Esky men granted visas to stay

Nicolas Perpitch
Article from: The Australian
May 09, 2009

TWO Burmese men who claimed to have survived 25 days at sea in an industrial-sized Esky flew out of Christmas Island yesterday after being granted refugee status.

Ko Ko Oo, 23, and Than Thoung Htike, 24, were granted permanent protection visas on Tuesday after saying they feared they would be killed if they were returned to Burma under the military dictatorship.

They were among a group of five asylum seekers who left detention on Christmas Island last night for new lives in Western Australia and South Australia.

Mr Oo and Mr Htike arrived on Christmas Island on February 5 after being found by a patrolling aircraft 60 nautical miles northwest of Thursday Island on January 16.

They claimed to have survived on rainwater collected from the bottom of their Esky and six or seven small fish regurgitated by seabirds.

The pair reportedly told their rescuers they were from Henzada in southwest Burma and had been forced to work on a 10m wooden Thai fishing boat that sank on December 23 in a squall southeast of Indonesia.

They said no one had life jackets and their 18 fellow crew members were lost at sea.

The men's extraordinary story was met with scepticism at the time because doctors reported they were in remarkably good physical condition.
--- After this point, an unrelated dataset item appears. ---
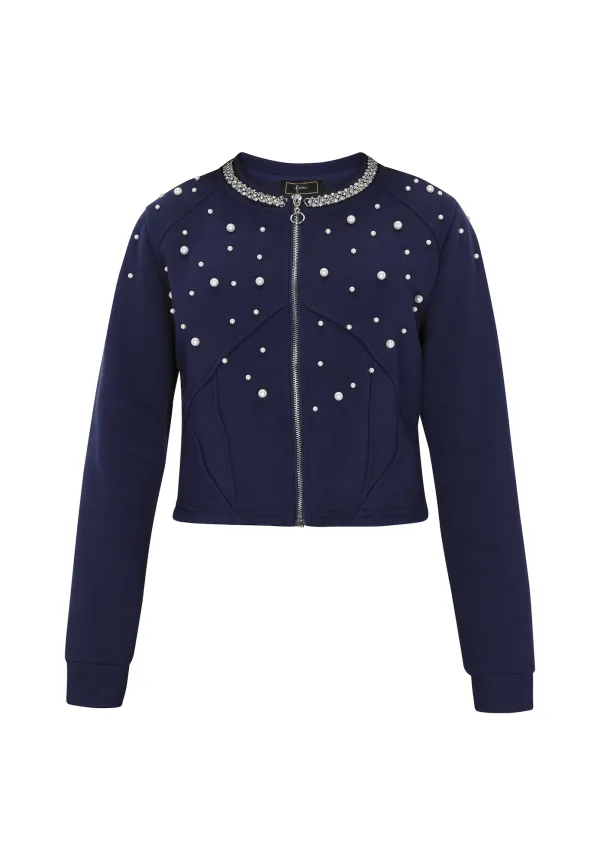 Design: Ritssluiting, Geribd ceintuurtje; Type sluiting: Ritssluiting; Materiaal: Sweatstof; Halstype: Ronde hals; Motief: Effen; Details: Sierstenen, Parels; Extra's: Op staal naden; Pasvorm: Normale pasvorm; Armlengte: Lange mouw; Lengte: Korte pasvorm

They were dehydrated but not sunburnt, and did not have chafed lips or other signs that they had been drifting at sea for almost a month.
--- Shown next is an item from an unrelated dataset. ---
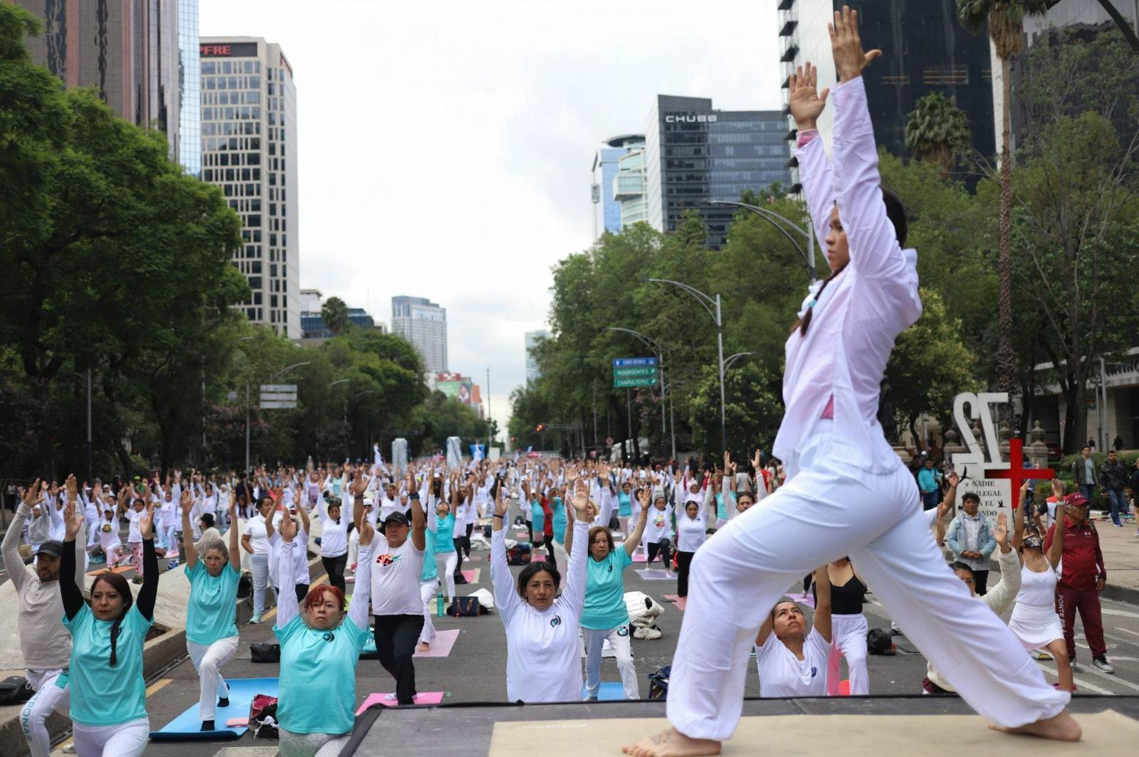 Comunidad. Cerca de tres mil personas se congregaron en el Paseo de la Reforma hasta la Glorieta del Ahuehuete en la Alcaldía Cuauhtémoc, para participar en la “Clase Masiva de Yoga por la Paz”.

Helicopter pilot Terry Gadenne, who had rescued them, was stunned that they had survived in their Esky considering that Cyclone Charlotte had whipped up strong winds and rough seas the week before.

Speaking through a translator, the men revealed more details about how they survived. They said they thought they were at sea for 19 or 20 days after their boat sank.

“We ate some flying fish that jumped into the Esky, and some seaweed,” they said. “The only time we could drink was when it rained. Once a bird came and regurgitated about seven small fish into the Esky.”

They will live in Adelaide.

On Christmas Island, immigration officers yesterday began the initial processing of 189 asylum seekers who were taken off HMAS Tobruk on Thursday night. About 100 men were taken to the $400 million Immigration Detention Centre on the northwest of the island. The rest, families and unaccompanied minors, were taken to the old construction camp near Phosphate Hill.